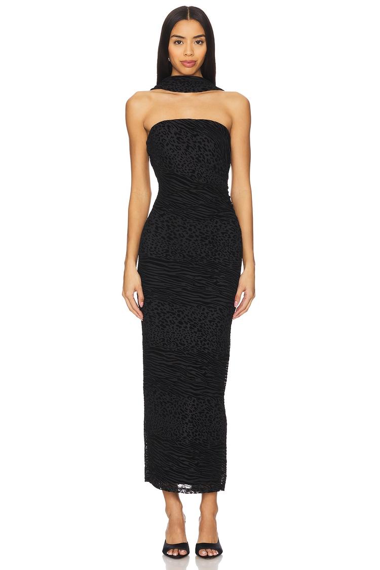 A sleek column silhouette in matte black jersey fabric offers a fitted and flattering shape perfect for cocktail evenings and date nights. The straight, strapless neckline accentuates the shoulders, while the open back with a subtle strap closure adds a daring touch of elegance. Lightweight and comfortable with a concealed back zipper, this midi dress blends modern sophistication with sexy appeal, making it ideal for night outs or upscale events.
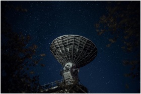 Silhouette of a satellite dish against a starry ni
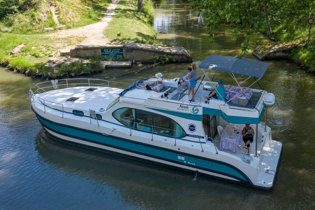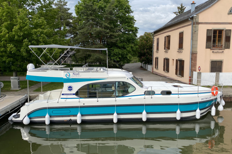 Je zult zien dat Nicols boten eenvoudig en gemakkelijk te besturen zijn: een sleutel in het contact, een versnelling vooruit en achteruit (om af te remmen en te stoppen), een beetje geduld en een zachte aanraking om door de eerste sluizen te komen, en je bent al een ervaren kapitein! Neem de tijd... en begin aan een ontspannende riviervakantie op het ritme van het water!
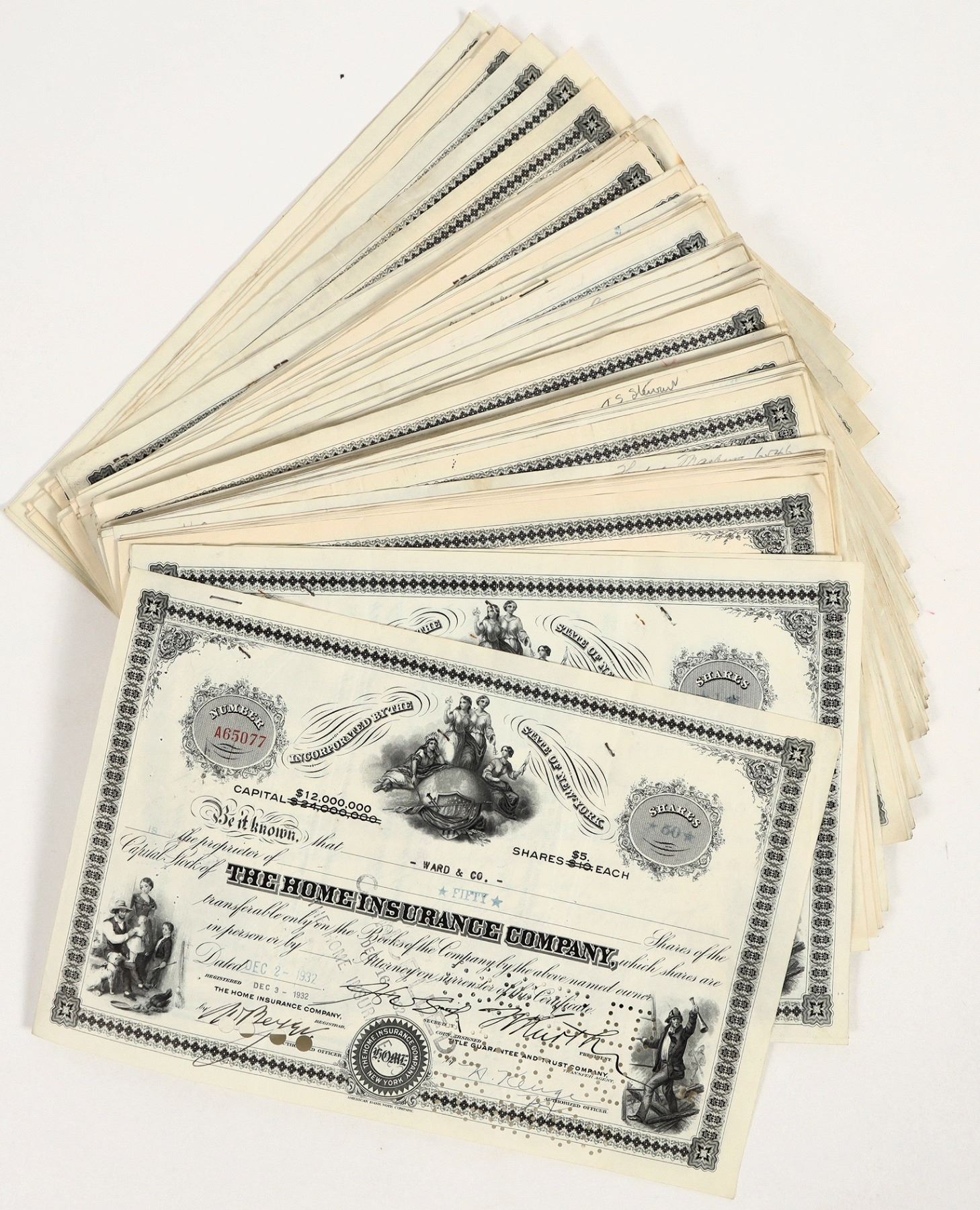 Lot of approx. (200) stock certificates issued by the "Home Insurance Company." These are fore various shares, all punch and stamp cancelled. Reverse sides are fully executed and stamped, the majority have various revenue stamps affixed. there are multiple vignettes on the front at center and both corners, graphics by the American Bank Note Company. Overall condition is good to very good, some exhibiting minor stains and/or fold issues. Please see photos.
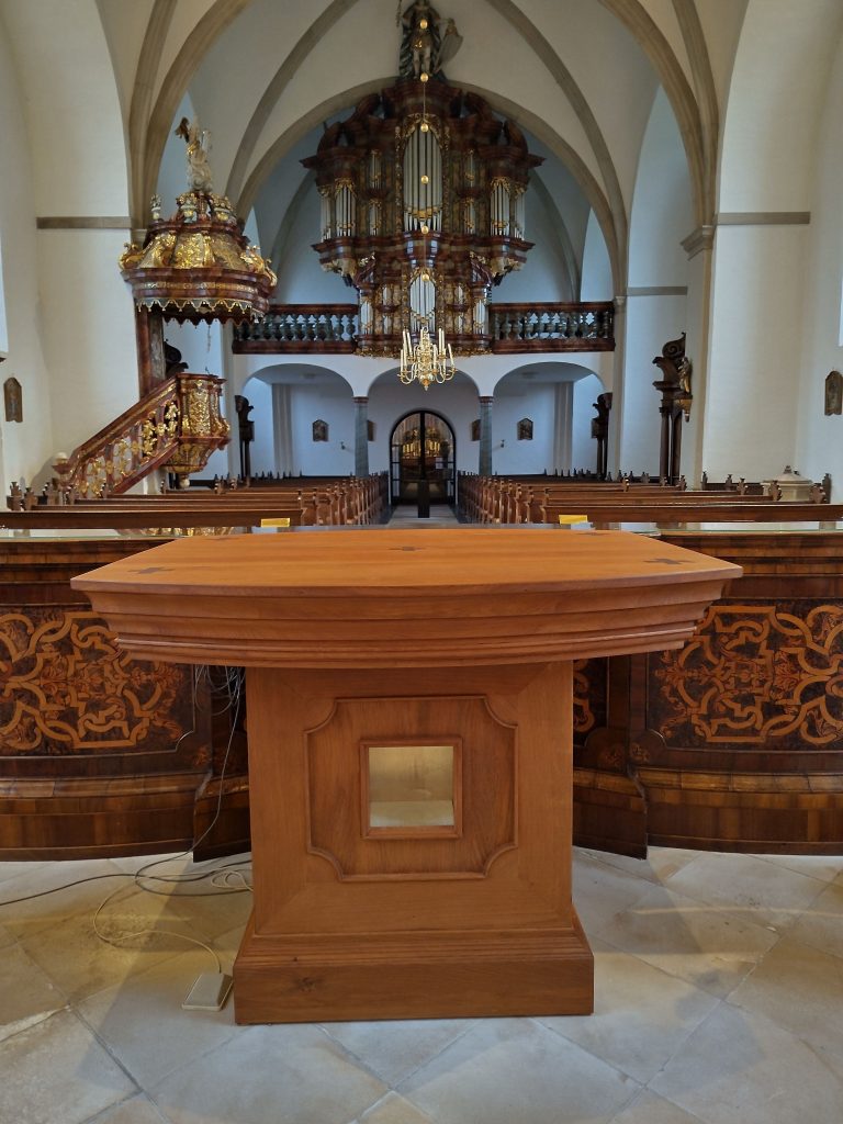 Mit der Aufstellung des Altars ist das Projekt allerdings noch nicht abgeschlossen. In seinem Unterbau ist eine Nische, die durch eine Glasscheibe verschlossen ist. Für diese Nische wurde von Herrn Weidenfeller ein kleiner Holzschrein angefertigt, der dann vom Goldschmiedemeister Norbert van Ooyen mit Messing eingefasst wurde. Das Kästchen enthält Reliquien der heiligen Elisabeth, der heiligen Ursula und des heiligen Gereon sowie des heiligen Petrus Chanel.
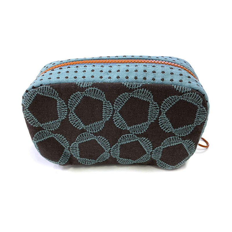 Material kit contents: Embroidered fabric, dots fabric, brown pre-dyed woven fabric, double-sided fusible batting, double-sided fusible sheet, zipper
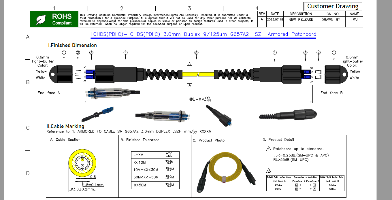 200mtr LC-LC Round Armoured Cable 3mm SM Yellow – Armoured cable -with LC Unib
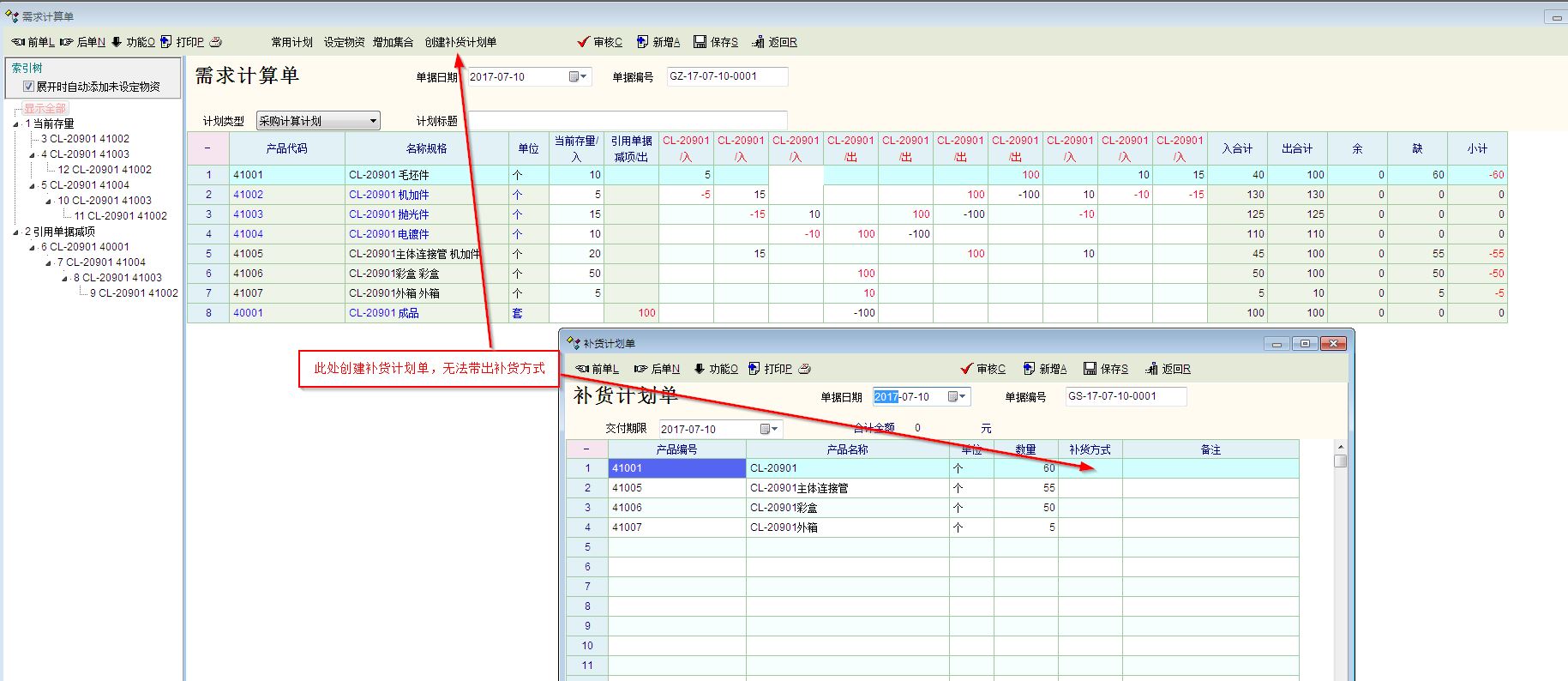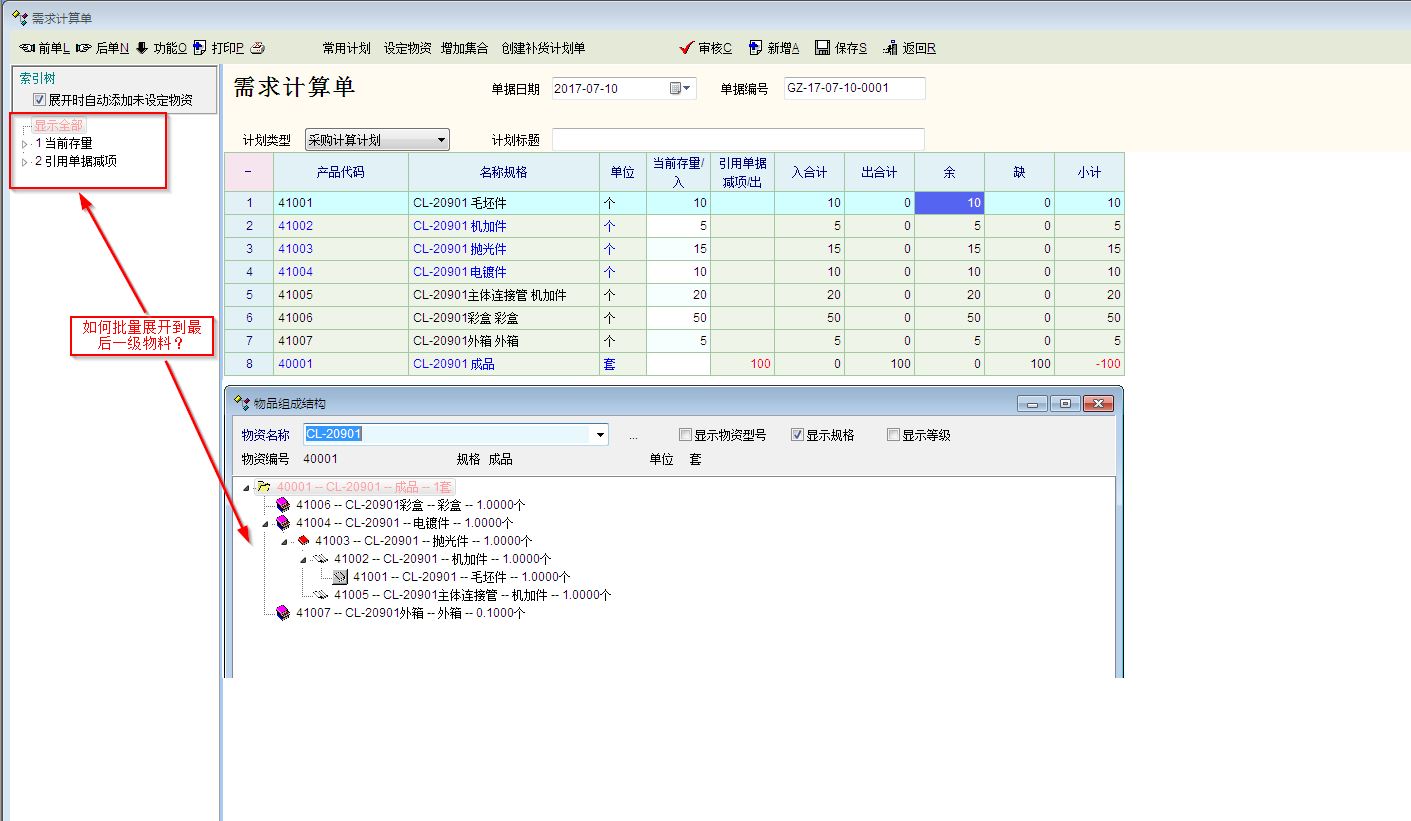 需求分析功能我试过,但是能展开BOM进行计算。 对于单纯计算没有物料组成的物料,需求分析功能考虑的很全面。对于有物料组成的物料进行需求计算,就无法满足需求。 例如我上面例子,客户下了CL-20901产品100套,需求分析单,只能算出需求补100套产品,需不能计算出要补多少原材料和配件。
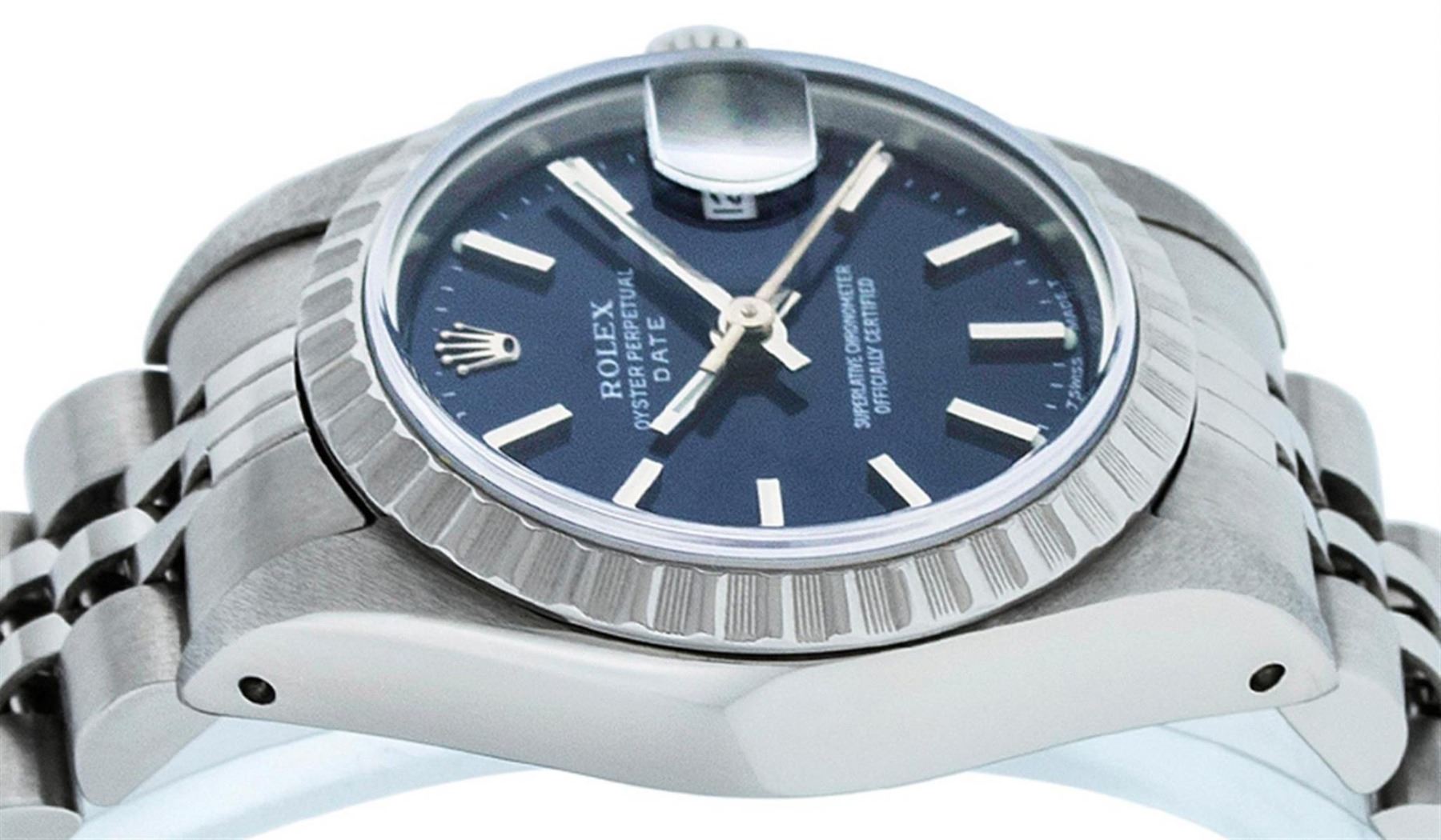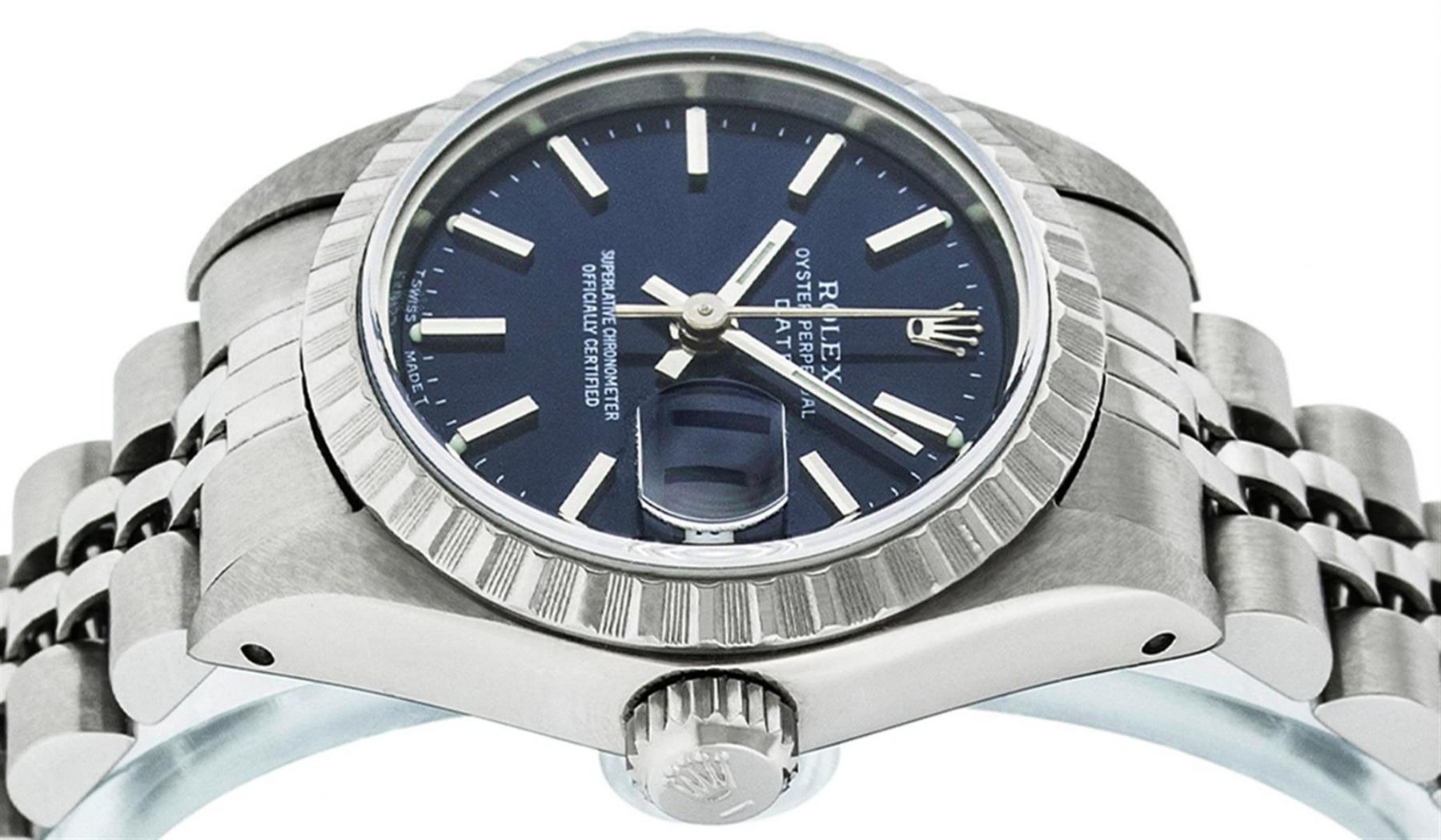 One Ladies Quickset Stainless Steel Rolex Datejust Polished Bright with Satin Finish, Serviced & Electronically Tested, Stainless Steel Case: 26mm, Stainless Steel Crown, Bezel: Stainless Steel Engine Turn Bezel. Custom Crystal: New Scratch Resistant Sapphire Cyclops Lens. Custom Hands: New Luminescent Hands. Movement: Automatic Winding Movement Caliber 2235. Custom Dial: Blue Index Dial With Luminescent Dots & Dash Track. Date Window: 3 O'Clock Position Date Display, Model: 79160 Quickset Datejust. Condition: G-6 Extra Fine. Bracelet: Stainless Steel Jubilee Band. Bright Polish & Satin Finish. 6.0 Inch Length, Adjustable. Standard Clasp, With Rolex Logo. This Watch Has Been Serviced Time Tested And Is In Excellent Condition It Is Free Of All Scratches And Dents.
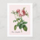 Ett konstkort i finkonststil som visar Rosa Centifolia, en charmig illustration av rosa rosor av Pierre-Joseph Redouté (cirka 1817–1824). Känd som - Hundbladig ros, detta stycke står som en av de främsta prestationerna av Redouté, den mest berömda botaniska konstnären genom tiderna.
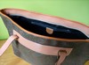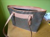 Borsa a tracolla. Come nuova, di notevoli dimensioni. Pelle semirigida colore marrone effetto cashmere con inserti e maniglie in cuoio chiaro, chiusura a cerniera. Misura base cm 45 e alt. cm 40 (escluse maniglie). Tasca interna con cerniera. € 40
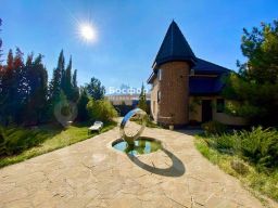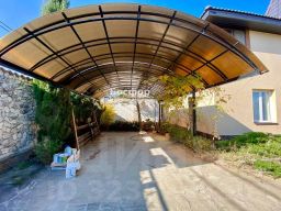 Продам дом 342 кв, на участке 8 соток. Коктебель. Материал стен: построен из Архангельской сосны, 22 см диаметр. Косметический ремонт сделан в 2021 г. Гостевой дом 60 кв, капитальный, с отоплением. Газон с системой автоматического полива. Коммуникации: электричество, городская вода, септик, газ. Сад: сосны, кипарисы, можжевельник.
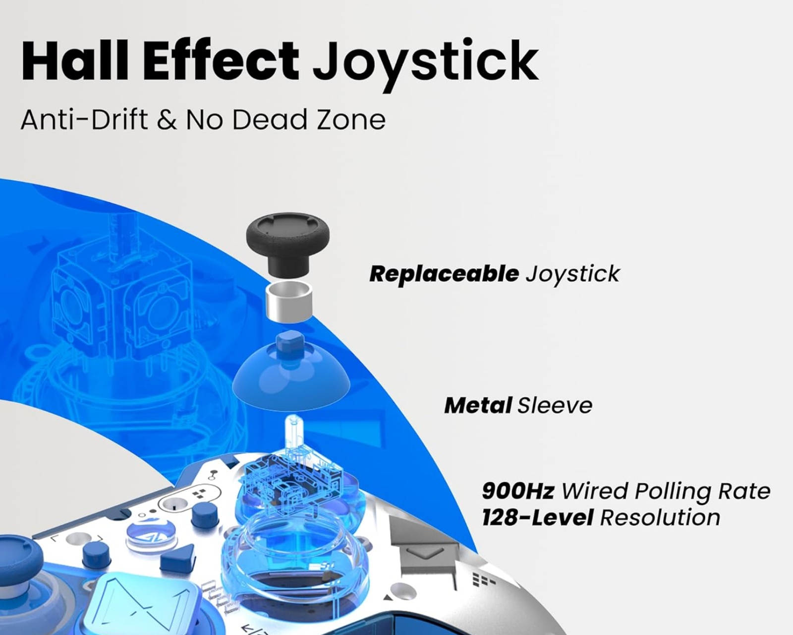 ZD O+ Excellence Wireless Controller is a game controller from ZD that provides support for multiple platforms, including Switch/Switch2, Windows 10/11, Android, iOS, and Steam. It features a modular design that allows for customization of joysticks, buttons, and faceplates. The controller also has Hall Effect joysticks and remappable buttons for a tailored gaming experience.The controller has a swappable joystick system that enables the replacement of components to customize the layout. It uses Hall Effect technology with a 900Hz polling rate, providing precise control. Triggers can be switched between two different travel options to match the player's style. The button technology has a long lifespan and is designed for a responsive feel during use. The device also includes 4-motor vibration feedback for a more realistic experience.
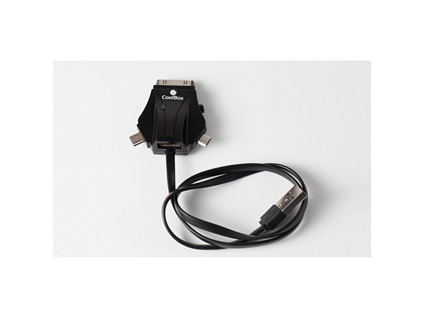 Cable de datos y carga para móviles, cámaras, reproductores MP3 y GPS a través de un puerto USB libre. Conectores USB, microUSB y miniUSB , IPhone e IPod.

→ **How to complete this task**:
Using the data above, return the lines from the one holding "Material kit contents: Embroidered" through the one holding "200mtr LC-LC Round" exactly, but not the pictures.

→ **Task result**:
 Material kit contents: Embroidered fabric, dots fabric, brown pre-dyed woven fabric, double-sided fusible batting, double-sided fusible sheet, zipper
 200mtr LC-LC Round Armoured Cable 3mm SM Yellow – Armoured cable -with LC Unib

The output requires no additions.